Morosità

In caso di mancato pagamento entro la scadenza indicata in bolletta, A2A Energia si riserva la facoltà di attivare la procedura di morosità.

A2A Energia invierà al cliente, a mezzo di raccomandata semplice, una comunicazione scritta di costituzione in mora con l’indicazione del termine ultimo di pagamento.

Il termine ultimo non può essere:

  • Inferiore a 20 giorni dall’emissione della raccomandata da parte di A2A Energia;
  • Inferiore a 15 giorni dall’invio della raccomandata da parte di A2A Energia.

La raccomandata dovrà indicare:

  • le modalità con cui il cliente dovrà comunicare l’avvenuto pagamento (telefono, fax ecc.);
  • il termine dopo il quale, se il cliente continua a non pagare, A2A Energia invierà al distributore la richiesta di sospensione della fornitura;
  • l’eventualità che, se le condizioni tecniche del contatore lo consentono, prima della sospensione della fornitura la potenza verrà ridotta a un livello pari al 15% della potenza disponibile.
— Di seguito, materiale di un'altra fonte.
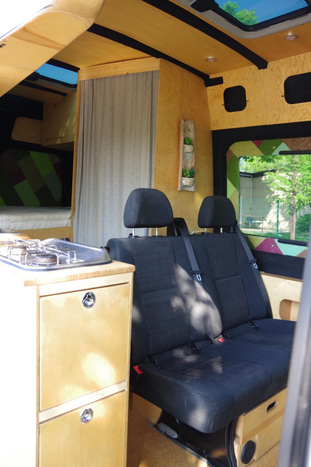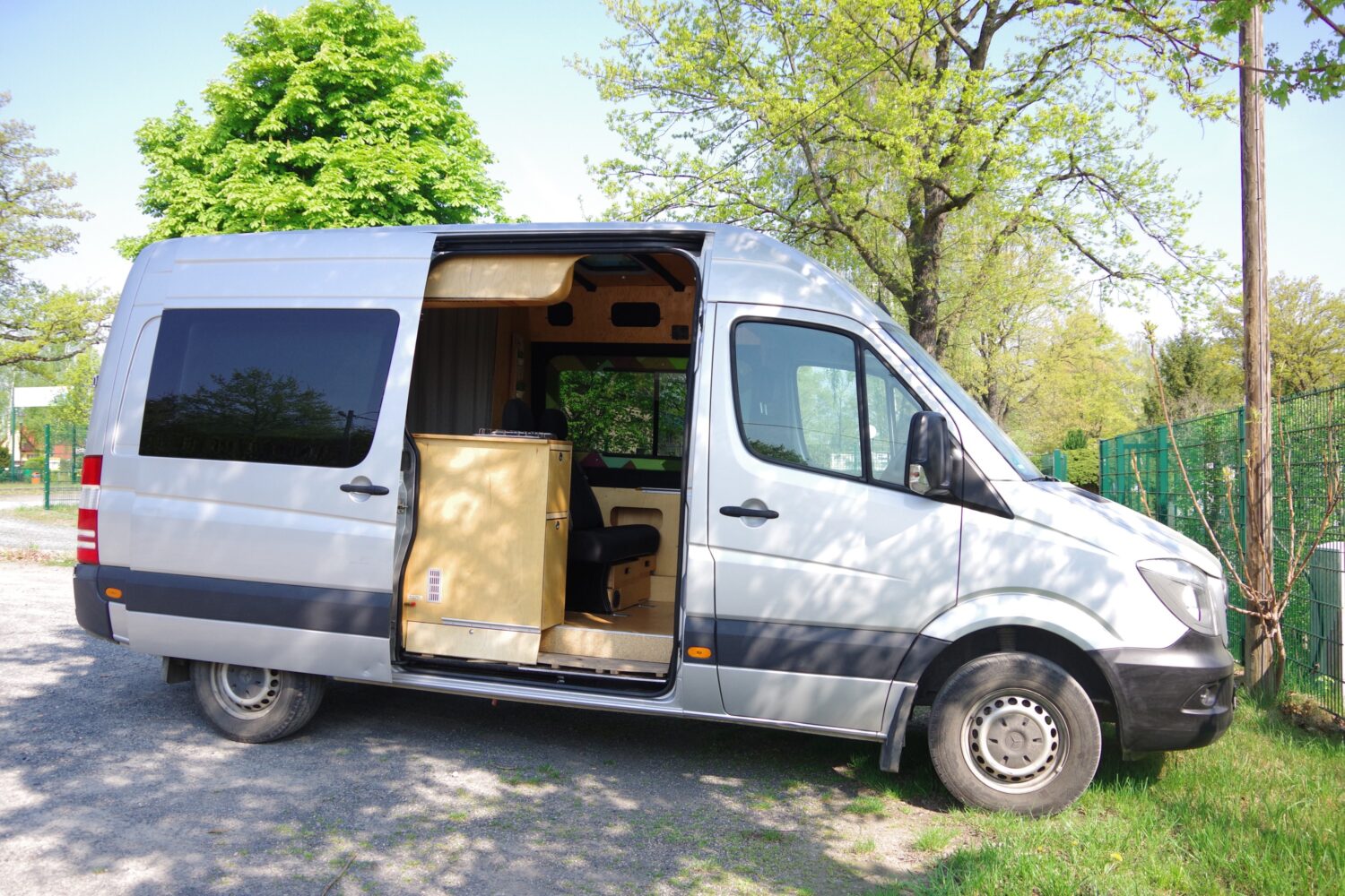 Da ich mich verkleinern möchte kommt mein liebevoll selbst ausgebauter Sprinter zum Verkauf. Ich habe damit zwei mehrmonatige Reisen unternommen, die Kinderkrankheiten des Ausbaus sind also abgestellt und Verbesserungen intergriert. Die Holzoberflächen sind nochmals neu aufgearbeitet, fein angeschliffen und mit Hartwachsöl behandelt wurden. +++Fahrzeug+++ 2,15 Liter Diesel mit 164 PS, Verbrauch je nach Fahrweise 8-11 Liter 3,5t zulässiges Gesamtgewicht, 2,7t Leergewicht mit komplettem Ausbau (Diesel-, Gas und Wassertanks bereits gefüllt), 6m Länge, 2,7m Höhe (L2H2) mit neuem TÜV und sofort Verfügbar War vor mir als Leasingfahrzeug gelaufen und bei Mercedes gewartet, EZ 03/2014, Laufleistung momentan etwa 164.000 KM Navi, Komfortsitze, Sitzheizung, Klimaautomatik, Tempomat, Berganfahrhilfe, Rückfahrkamera... also quasi Vollaustattung naturlich in der Zulassung umgeschieben als Wohnmobil, günstig in Steuer (240€/Jahr) und Versicherung (TK 460€/Jahr bei SF10) nachgerüstete Zusatzluftfederung an der Hinterachse, eingebauter Kompressor mit Zweikreisanlage und Druckanzeigen, besserer Fahrkomfort, etwas mehr Bodenfreiheit, im Stand links und rechts unterschiedlich einstellbar und damit kann bei leicht schrägem Untergrund das Fahrzeug ohne Keile gerade ausgerichtet werden. Selbstverständlich legal und mit Eintragung im Fahrzeugschein. Neuteile die zuletzt gekommen sind: - Windschutzscheibe (vor 50km) - Bremscheiben und Beläge vorn (keine 100km gelaufen) - Hochdruckrohr zwischen Pumpe und Comon-Rail - Endschalldämpfer und Flexrohre - Lagerung Stabi hinten - Dichtungen an Krümmer und Turbo vor etwa 1,5 Jahren - Ölwechsel im Herbst letzten Jahres im Rahmen des verpflichtenden Softwareupdates (etwa 150.000 km), Wechselintervall sind laut Mercedes 60.000 Km oder 2 Jahre, 12 Liter original Mercedes Öl und Filter für den nächsten Ölwechsel gibt es mit dazu (dieses hatte ich vor der Rückrufaktion mit kostenfreiem Ölwechsel bereits gekauft) +++Ausbau+++ 4 eingetragene Sitzplätze, Vordere Sitze mit Drehkonsolen (im Fzg-Schein eingetragen), Rücksitzbank mit Isofix, Tisch verschiebbar und auch außen am Küchenblock einzuhängen Doppelbett im Heck mit maßangefertigter Kaltschaummatratze etwa 140x180cm, Kinderbett über Frontsitze 160x75cm getönte Echtglas Seiten- und Dachfenster, links mit Schiebefenster, Dachfenster ausstellbar, Verdunkelung und Isolierung für alle Fenster von Projekt Camper aus Hamburg Rundum gedämmt mit Armaflex (Flächen21mm, Holme 5mm) und gefilzt Hochwertiger 80Ah Lithium Akku von Liontron mit BMS und Smartphone-App, Ladebooster 30A von Lichtmaschine, Offgridtec Solartasche 120W (etwa 5A Ladestrom bei voller Sonne), Notaus, 2 Sicherungskästen, viele 12V und USB Steckdosen, LED Lichter an Decke und unter Hängeschrank der Küche, Led Leselampen für USB Steckdosen, 12V Smart-TV an Schwenkarm (verschwindet bei nichtgebrauch hinter dem Vorhang von der Toilette 2x20 Liter Frischwasser-Kanister, etwa 20 Liter Abwassertank Unterflur, mechanische Fußpumpe (leise, stromlos und wassersparend), großzügiges Waschbecken Dometic Kompressorkühlbox in Schublade, sehr sparsam im Stromverbrauch Autotherm 2kw Dieselstandheizung, umschaltbare Ansaugung sodass Umluft- oder Frischluftbetrieb möglich ist, Tankentnahme im Fahrzeugtank Gaskasten für 5kg Flasche, Dometic 2 Flammen Kochfeld, 2x Außensteckdose (Schiebetür und Heck) für bsw. Grill/Kocher/Dusche etc., vom Fachmann abgenommen und dichtigkeitsgeprüft Jede Menge Staufächer und Schränke, Hängeschränke in Küche und über Fußbereich vom Bett, tiefer Schrank unter dem Heckbett wahlweise von vorn oder aus der Heckgarage zu beladen, Schubfächer im Küchenblock mit Vollauszügen, Stauraum über der Fahrerhaus und unter der Rücksitzbank, große Heckgarage, war bei mir mit 2 Fahrrädern, Schlauchboot und jede Menge anderem Outdoorkram gefüllt, Halterungen für Fahrräder Kildwick Trockentrenntoilette mit Abluft und Staufach für Streu
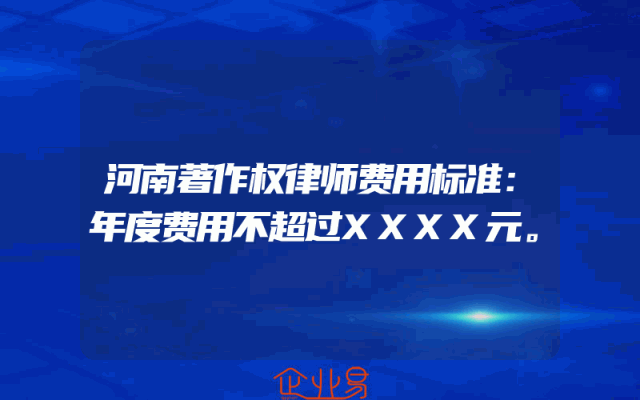 - 河南著作权律师费用标准:年度费用不超过XXXX元。
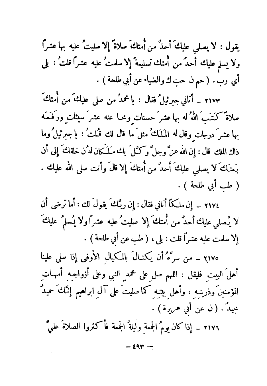 2173 - "أتاني جبرئيل فقال: يا محمد من صلى عليك من أمتك صلاة كتب الله له بها عشر حسنات ومحا عنه عشر سيئات ورفعه بها عشر درجات وقال له الملك مثل ما قال لك قلت: يا جبرئيل وما ذاك الملك قال: إن الله عز وجل وكل بك ملكان لدن خلقك إلى أن بعثك لا يصلي عليك أحد من أمتك إلا قال وأنت صلى الله عليك". (طب أبي طلحة) .
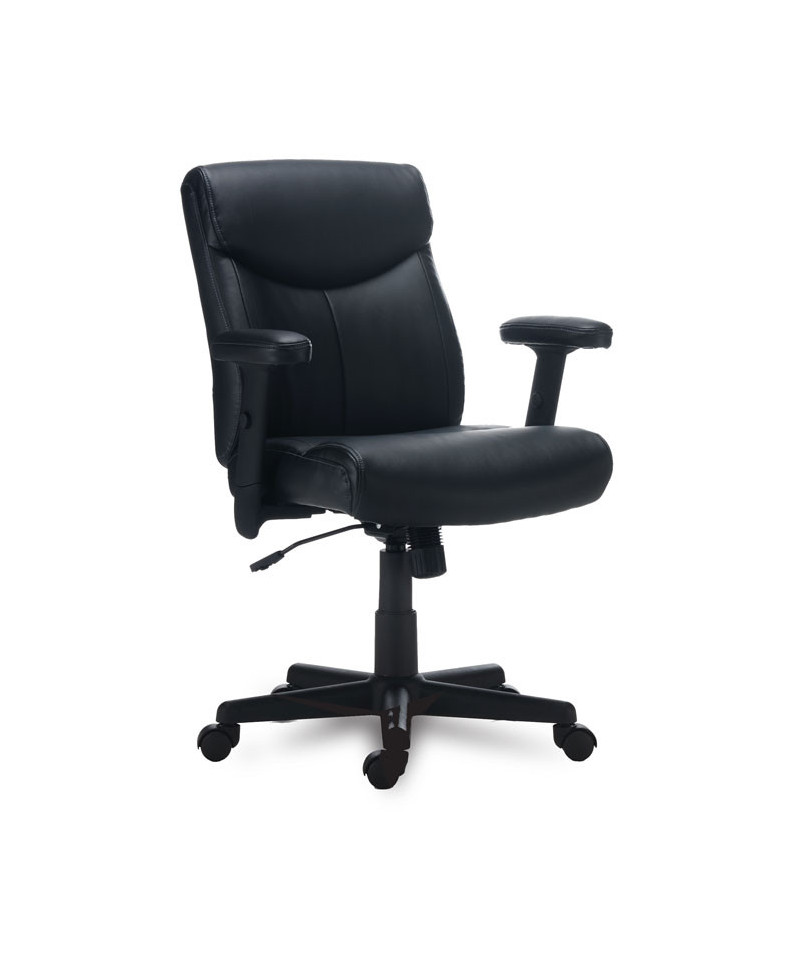 Stay comfortable through with this stylish, manager's chair. Designed for luxurious comfort, it supports your head, neck, back, and shoulders with plush cushioning and lumbar support. Height and width-adjustable arms for the perfect set-up. Further customize your working position with adjustable seat height and locking tilt tension. The faux leather seat has a modern touch and is easy-to-clean. Mobile design features a stable, five-star base with rolling casters which work on carpet or hard floors. Supports up to 275 lbs. Assembly required.
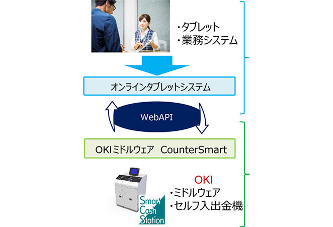 OKIはオンラインタブレットとセルフ現金処理機SmartCashStationを連携させることで、現金処理を含めた取引をお客様自身が実施し、行員の現金タッチレス運用を実現する(図6)。
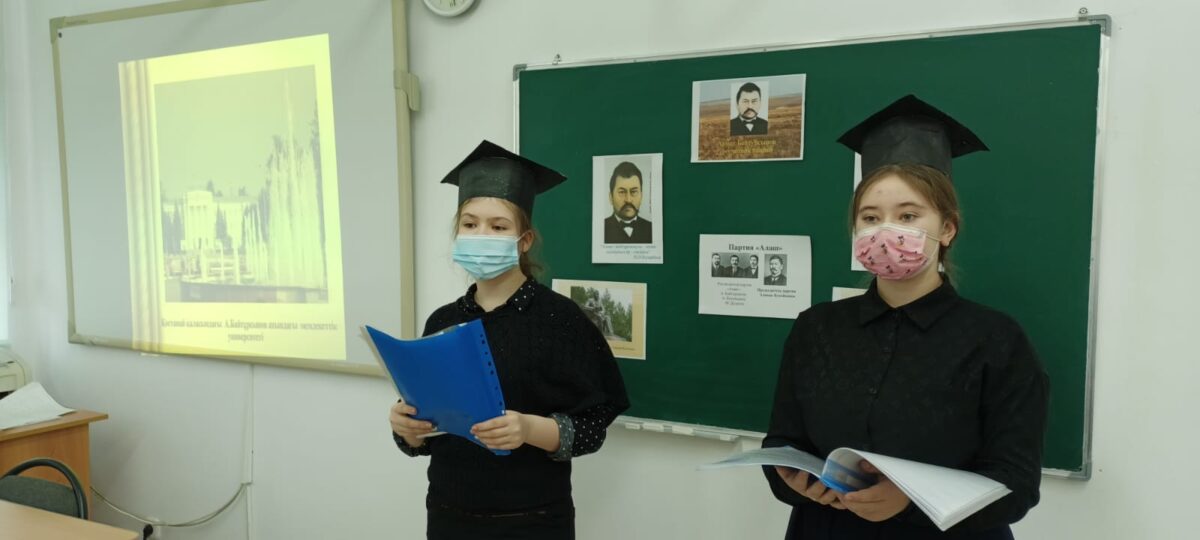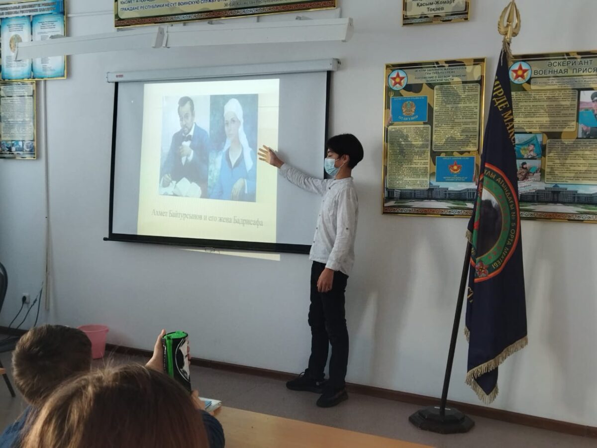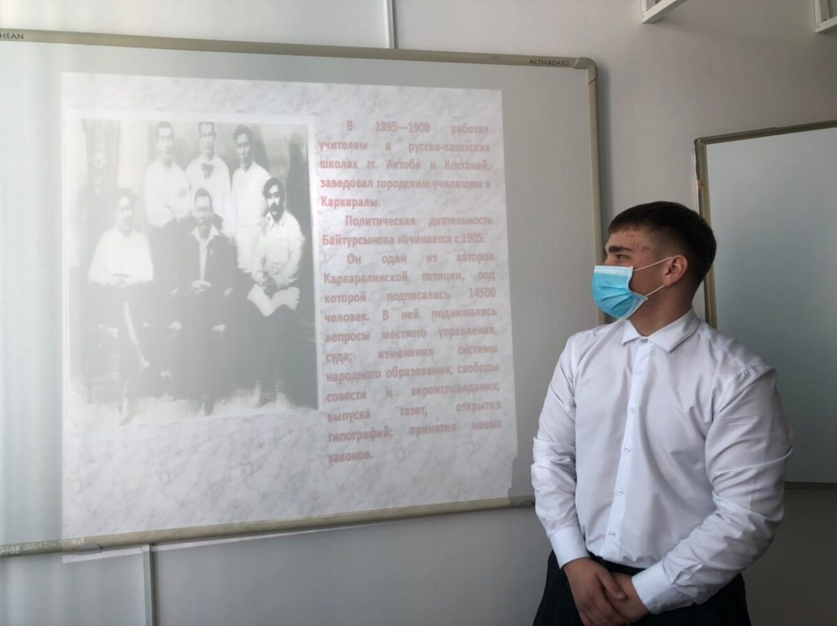 Біздің мектепте Ахмет Байтұрсыновтың 150 жылдығына арналған «Ұлт мұғалімі» тақырыбында сынып сағаттары өтті. Мемлекет және қоғам қайраткері, «Алаш» партиясының мүшесі, ағартушы, ғалым, түркітанушы, ақын және аудармашы – Ахмет Байтұрсынов.
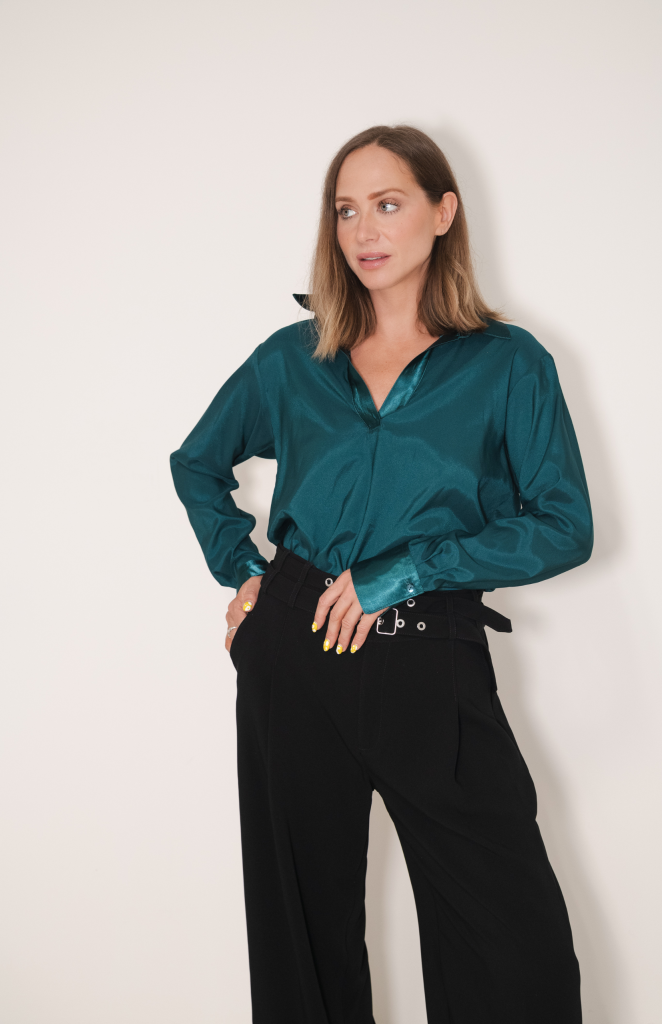 Bonnie Long Sleeve Blouse in Forest green – sz xl
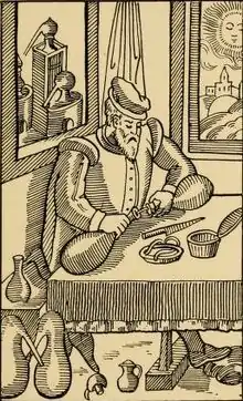 Another use for lute was to act as a safety valve, preventing the buildup of vapour pressure from shattering a vessel and possibly causing an explosion. For this purpose, a hole was bored in the flask and covered with luting material of a particular composition, which was kept soft so that excessive buildup of vapour would cause it to come away from the vessel, thus releasing the pressure safely. This process could also be performed manually by the operator removing and reaffixing the lute as required. Lute was also used to effect repairs to cracked glass vessels.[3] In The Alchemist’s Experiment Takes Fire, 1687, one alembic is exploding; the luting used to seal a receiving bottle to another alembic can be seen behind the alchemist's upraised arm.
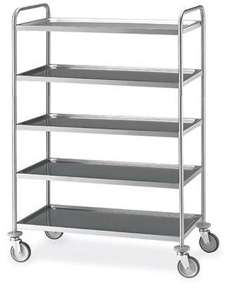 HOST Stainless Steel Trolley with Five Bolted Pressed Shelves (100x60 cm Shelf dim.)
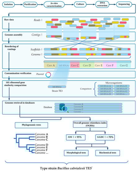 As mentioned before, Valenzuela-Aragón et al. (2018) [14] suggested that strain TE3T belongs to the genus Bacillus, based on their sequencing of the full-length 16S rRNA gene, and months later, Villa-Rodriguez et al. (2019) [12] proposed its taxonomic affiliation to Bacillus subtilis. However, to define its taxonomical affiliation, a polyphasic characterization was used (Figure 3), for which the genome of strain TE3T was sequenced using Illumina Sequencing by Synthesis (SBS) technology. Then, by using the EzTaxonserver and BLAST tools, the 16S rRNA gene sequence of strain TE3T showed high similarity (100%) to Bacillus subtilis subsp. Inaquosorum. However, it is known that close relative strains of Bacillus are not reliably taxonomically distinguished only by their 16S rRNA gene sequences, but this analysis confirms its belonging to this genus [19,20]. Later, by using average nucleotide identity (ANI) analysis, strain TE3T showed a maximum average value of 93.8% with B. subtilis subsp. Inaquosorum, followed by B. subtilis subsp. Spizizenii (93.6%), B. tequilensis (93.4%), and B. subtilis subsp. subtilis (92.3%), and using the Genome-to-Genome Distance Calculator (GGDC), the distances among genomes of strain TE3T and closely related Bacillus species were below 70%. Based on these genomic analyses, strain TE3T was distinguished as a novel species of the genus Bacillus, named Bacillus cabrialesii [21]. This novel species was named in honor of Dr. Juan Jose Peña Cabriales, a Mexican microbiologist who pioneered many investigations into plant-associated microorganisms and soil microbial ecology.

Se, per esempio, il contratto prevede una potenza massima di 3,3 kW, essa verrà ridotta a 495 W, consentendo così un uso, sia pure minimo, di alcune apparecchiature elettriche. Se il cliente continua a non pagare, dopo 15 giorni di riduzione della potenza la fornitura verrà sospesa.

A2A Energia richiederà inoltre al cliente il pagamento delle spese relative all’invio delle comunicazioni di costituzione in mora.

Nel caso in cui il pagamento non venisse effettuato, A2A Energia comunque non potrà richiedere al distributore di sospendere la fornitura prima di 3 giorni lavorativi, a partire dall’ultimo giorno utile per il pagamento indicato nella comunicazione di messa in mora.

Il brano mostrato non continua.